The heads of the fish are to be left on one side of the split part, and kept on the outer side of the roll; and when served the heads are to be turned towards each other in the dish.

Garnish with fried or dried parsley.

An excellent way of Dressing a Large Plaice, especially if there be a Roe.-Sprinkle with salt, and keep twentyfour hours; then wash and wipe it dry, wet over with egg, and cover with crumbs of bread; make some lard or fine dripping, and two large spoonfuls of vinegar, boiling hot; lay the fish in, and fry it a fine colour, drain it from the fat, and serve with fried parsley round, and anchovy-sauce. You may dip the fish in vinegar, and not put it into the pan.

To Fry Smelts.-They should not be washed more than is necessary to clean them. Dry them in a cloth; then lightly flour them, but shake it off. Dip them into plenty of egg, then into bread-crumbs, grated fine, and plunge them into a good pan of boiling lard; let them continue gently boiling, and a few minutes will make them a bright yellow-brown. Take care not to take off the light roughness of the crumbs, or their beauty will be lost.

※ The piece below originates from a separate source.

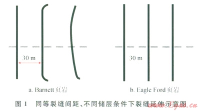 隨著工具設(shè)備及水平井改造技術(shù)的不斷進(jìn)步,儲(chǔ)層多段改造的規(guī)模、段數(shù)等越來(lái)越多[8-9]。水力壓裂沒(méi)計(jì)師可利用分簇射孔將分段改造距離設(shè)置得越來(lái)越近,但往往過(guò)多的分簇與分段未必就帶來(lái)理想的效果,Roussel認(rèn)為應(yīng)力陰影效應(yīng)的產(chǎn)生機(jī)理主要在于支撐劑的填充導(dǎo)致人工裂縫附近引起了應(yīng)力場(chǎng)的變化,蔣廷學(xué)等也在研究我國(guó)頁(yè)巖氣壓裂設(shè)計(jì)中指出,壓裂在單一裂縫脆弱面上產(chǎn)生誘導(dǎo)應(yīng)力的存在,并指出產(chǎn)生應(yīng)力陰影的誘導(dǎo)應(yīng)力可以改變最大與最小主應(yīng)力的分布,使裂縫發(fā)生轉(zhuǎn)向[10]。述研究表明,應(yīng)力陰影效應(yīng)可引起人工裂縫從水平井的橫切縫中開(kāi)始偏離朝向或遠(yuǎn)離以前的裂縫方向延伸,使得下一裂縫發(fā)生轉(zhuǎn)向。Barnctt頁(yè)巖裂縫間距30m時(shí)水平井壓裂裂縫產(chǎn)生的應(yīng)力陰影效應(yīng)如圖1-a所示,可見(jiàn)從第二條裂縫開(kāi)始裂縫出現(xiàn)了與主縫向切的裂縫系統(tǒng),而Eagle Ford頁(yè)巖壓裂的裂縫監(jiān)測(cè)情況,同樣是30m的裂縫間距沒(méi)有出現(xiàn)裂縫應(yīng)力陰影效應(yīng)(圖1-b)。因此研究陰影效應(yīng)的產(chǎn)生機(jī)理,建立分析數(shù)學(xué)模型并進(jìn)行其影響因素分析對(duì)水平井分段體積改造優(yōu)化設(shè)計(jì)及效果的提升具有重要研究與應(yīng)用價(jià)值。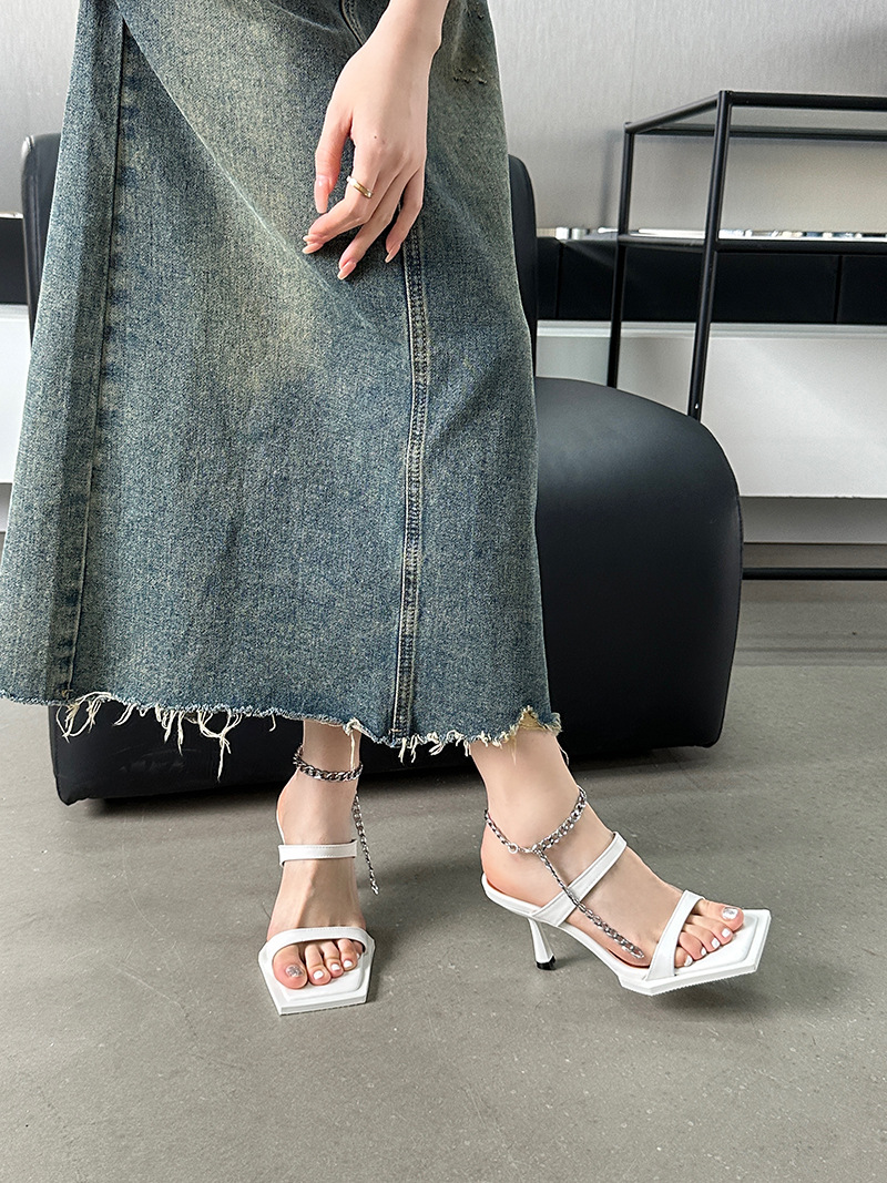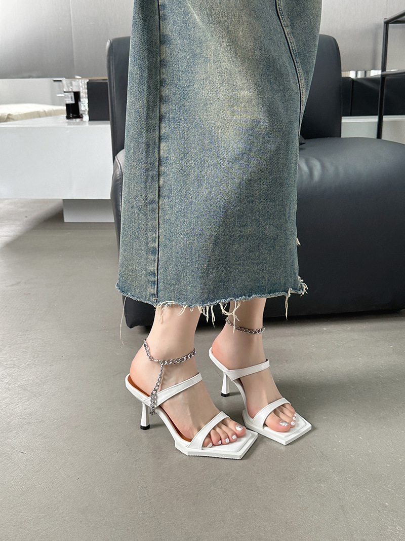 봄과 가을 2024 새로운 유행 올 매치 스틸레토 힐 샌들 간단한 다리 긴 오픈 발가락 하이힐스토어 가기

EELS.-Spitchcock Eels.-Take one or two large eels, leave the skin on, cut them into pieces of three inches long, open them on the belly side, and clean them nicely: wipe them dry, and then wet them with beaten egg, and strew over on both sides chopped parsley, pepper, salt, a very little sage, and a bit of mace pounded fine and mixed with the seasoning. Rub the gridiron with a bit of suet, and broil the fish of a fine colour. Serve with anchovy and butter for sauce.

Fried Eels.-If small, should be curled round and fried, being first dipped into egg and crumbs of bread.